Des masses de données de localisation recueillies en Chine montrent que les tests intensifs, le suivi et les restrictions de mobilité sont des stratégies efficaces pour lutter contre une épidémie de coronavirus. Ils montrent également que les stratégies ont besoin de temps pour fonctionner.

Et bien qu’il soit encore tôt, des preuves similaires suggèrent que les stratégies fonctionnent également à Seattle.

Les preuves en provenance de Chine sont présentées dans un article publié en ligne aujourd’hui par la revue Science. Une équipe de recherche internationale, dirigée par Moritz Kraemer de l’Université d’Oxford, a corrélé les données de localisation mobile de la société chinoise de recherche Internet Baidu avec les données épidémiologiques du groupe de travail sur les données Open COVID-19.

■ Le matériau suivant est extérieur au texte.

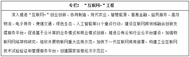 (二)推進“互聯(lián)網(wǎng)+”行動。促進新一代信息技術與經(jīng)濟社會各領域融合發(fā)展,培育“互聯(lián)網(wǎng)+”生態(tài)體系。

M. Kraemer et ses collègues ont déclaré que les restrictions imposées aux déplacements en Chine ont considérablement réduit le nombre de cas qui ont été retracés à l’épicentre de l’épidémie dans la province du Hubei en provenance d’autres régions du pays. Avant le 31 janvier, il y avait 515 cas de ce type. Après le 31 janvier, il n’y en avait plus que 39.

Malheureusement, le virus s’est apparemment propagé par transmission asymptomatique ou «furtive» jusqu’à 14 jours avant d’être détecté dans de nouveaux endroits.

«C’est là qu’un ensemble complet de mesures, y compris les restrictions de mobilité, les tests, le traçage et l’isolement, doivent travailler ensemble pour atténuer la propagation locale», Kraemer a déclaré dans un communiqué de presse.

Samuel Scarpino, de l’Université du Nord-Est, a déclaré que des facteurs politiques et scientifiques doivent entrer en jeu.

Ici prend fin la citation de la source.